----- RECORDS FOR PROCESSING

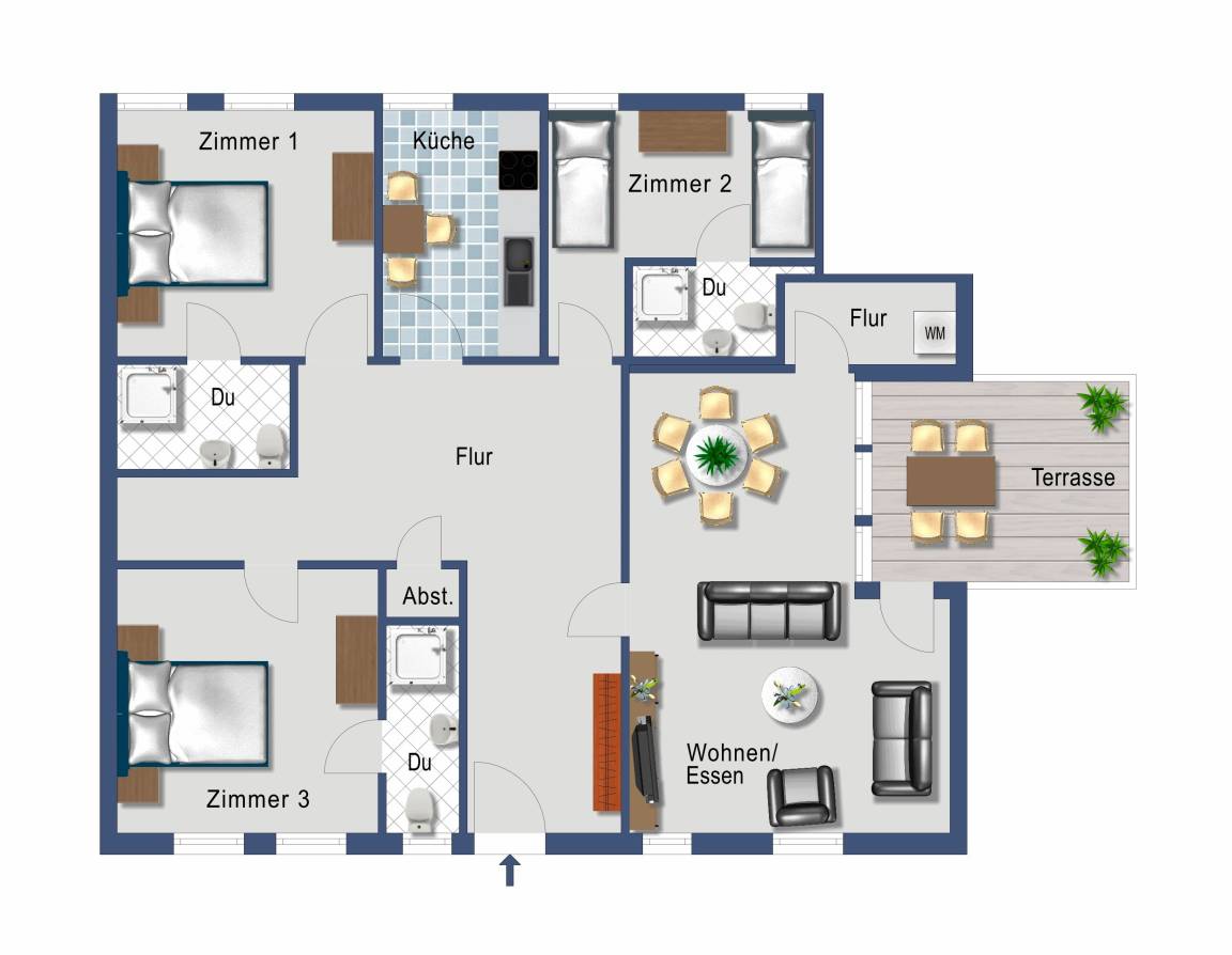 Alle Zimmer befinden sich im Erdgeschoss. Neben einem großen Wohnbereich mit Essplatz gibt es 3 Schlafzimmer - jeweils mit eigenem Duschbad/ WC - eine Diele und eine Küche ausgestattet mit Kühlschrank, Gefrierschrank, Geschirrspüler, Kaffeemaschine, Wasserkocher, Toaster und Mikrowelle.
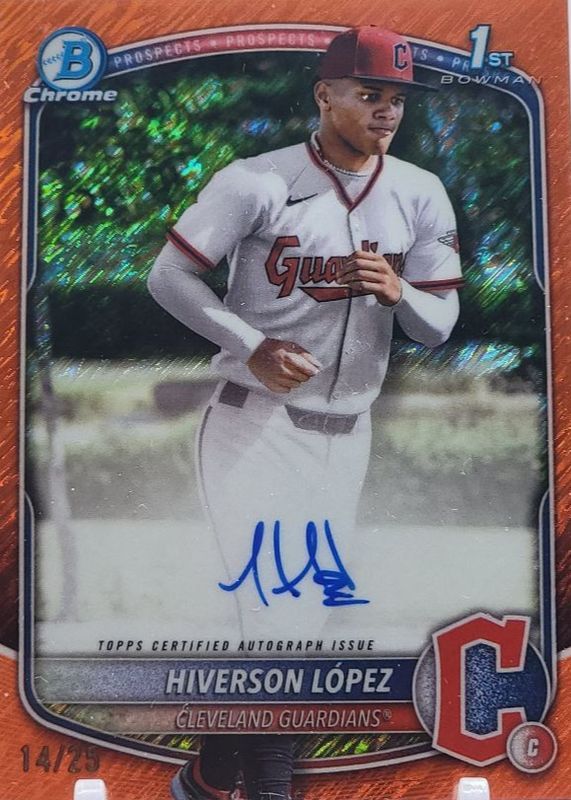 Hiverson Lopez's Baseball cards are available in at least 2 sets. Hiverson Lopez's biggest 7-day price movers are 2025 Bowman Chrome #CPA-HL Prospect Auto (1st), 2025 Bowman Chrome #CPA-HL Prospect Auto - Orange Shimmer Refractor /25 (1st), and 2025 Bowman Chrome #CPA-HL Prospect Auto - Gold Shimmer Refractor /50 (1st).
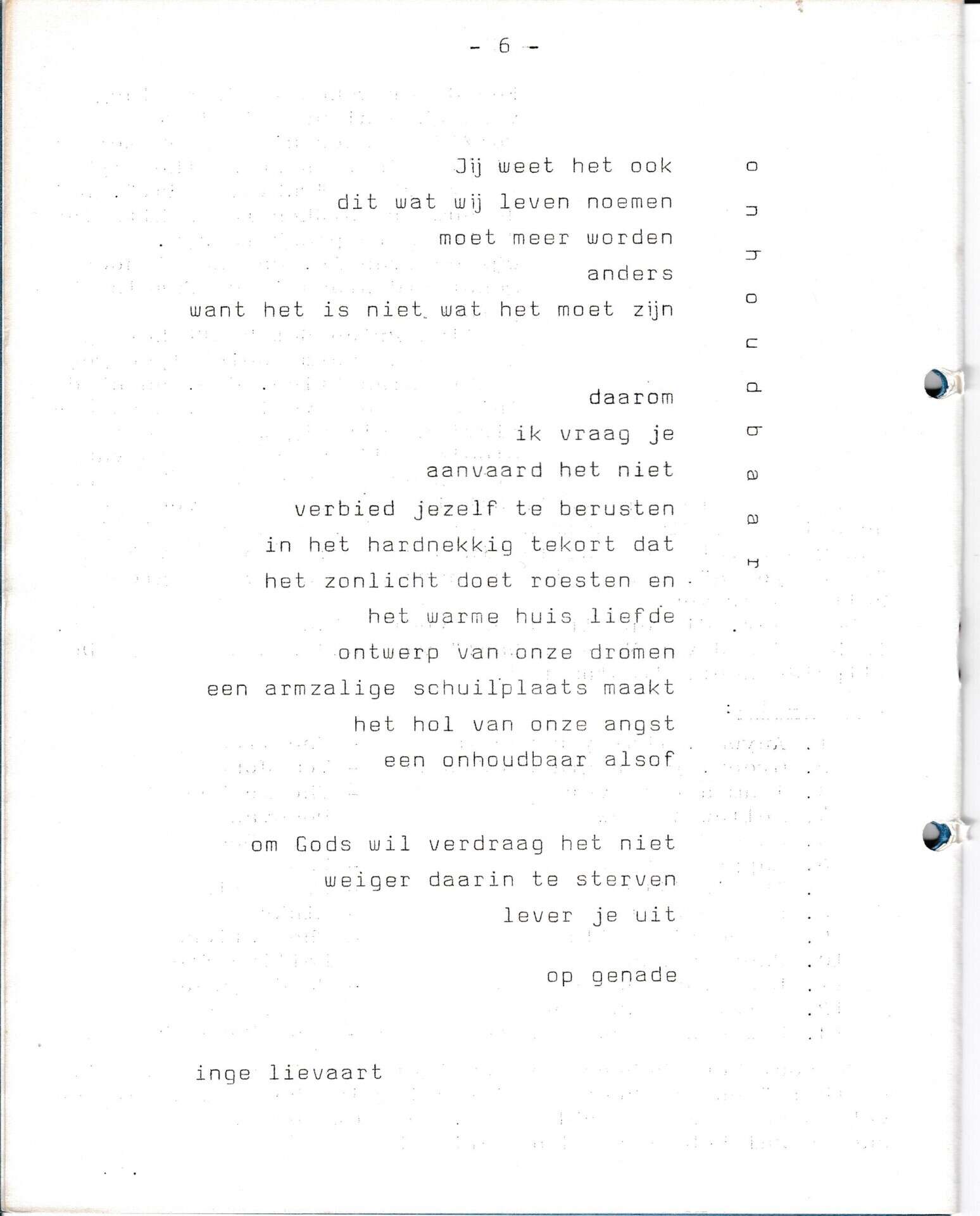 | Beschrijving: | It Fleurige Flittergat: 1967 3de jaargang nr. 11: gedicht; Onhoudbaar (Inge Lievaart) |
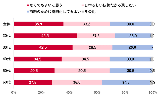 物価高が続く中での「おせち」の存在意義については、「なくてもよいと思う」が全体の35.9%だった。「日本らしい伝統だから残したい」が33.2%、「節約のために簡略化してもよい」が30.0%と、三者が拮抗した。年代別では20~30代で“不要派”が4割を超え、50~60代では“伝統派”が約4割だった。
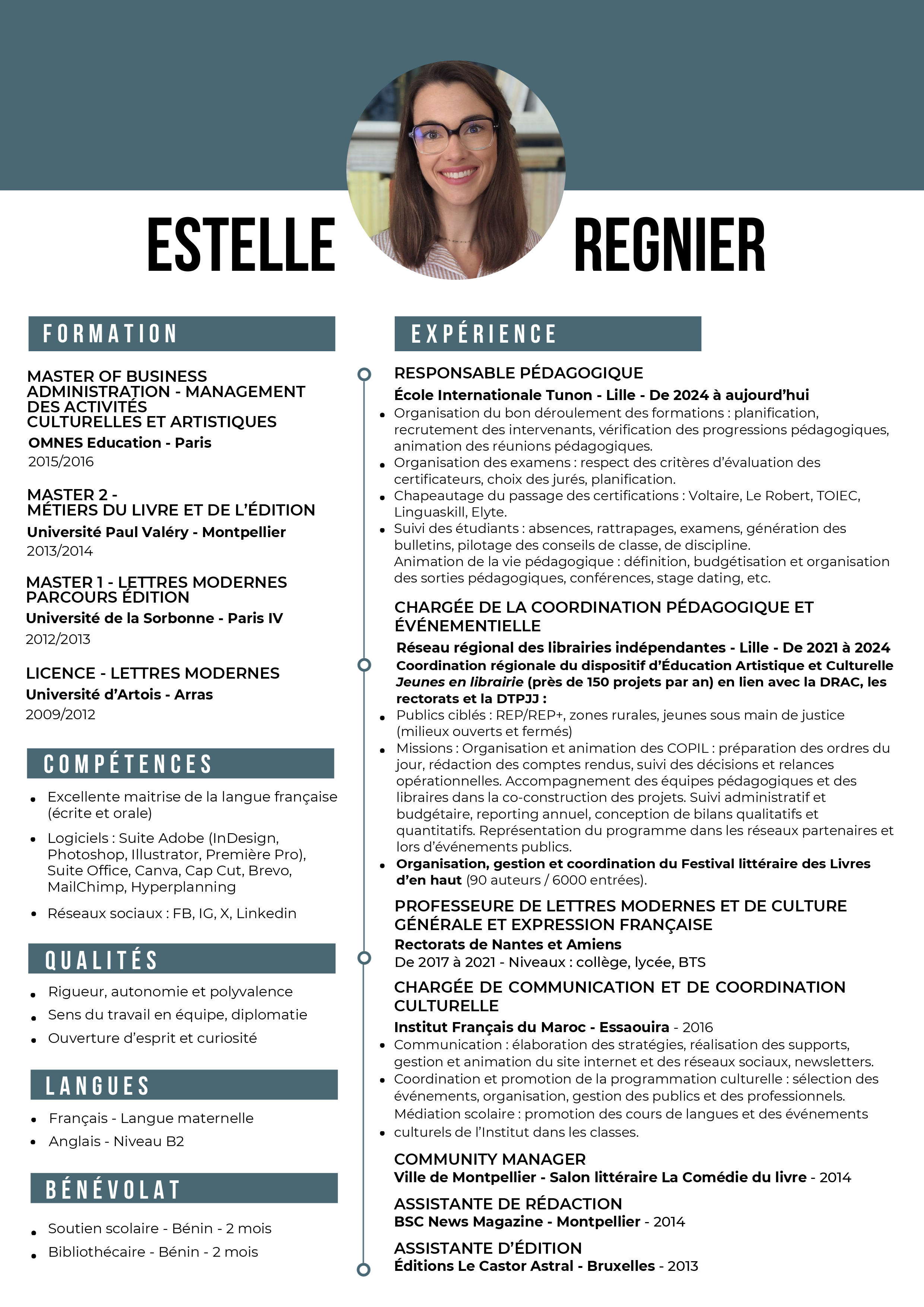 Télécharger le PDFProfessionnelle de la pédagogie et de la coordination culturelle, Estelle Regnier met son expertise au service de projets éducatifs et artistiques d’envergure. Son parcours allie rigueur, créativité et sens du collectif.

----------

DESCRIPTION OF THE TASK:
Output only the lines from the start of the data through the line that holds "(Inge Lievaart) |". Keep them exact and leave the pictures out.

EXERCISE RESPONSE:
 Alle Zimmer befinden sich im Erdgeschoss. Neben einem großen Wohnbereich mit Essplatz gibt es 3 Schlafzimmer - jeweils mit eigenem Duschbad/ WC - eine Diele und eine Küche ausgestattet mit Kühlschrank, Gefrierschrank, Geschirrspüler, Kaffeemaschine, Wasserkocher, Toaster und Mikrowelle.
 Hiverson Lopez's Baseball cards are available in at least 2 sets. Hiverson Lopez's biggest 7-day price movers are 2025 Bowman Chrome #CPA-HL Prospect Auto (1st), 2025 Bowman Chrome #CPA-HL Prospect Auto - Orange Shimmer Refractor /25 (1st), and 2025 Bowman Chrome #CPA-HL Prospect Auto - Gold Shimmer Refractor /50 (1st).
 | Beschrijving: | It Fleurige Flittergat: 1967 3de jaargang nr. 11: gedicht; Onhoudbaar (Inge Lievaart) |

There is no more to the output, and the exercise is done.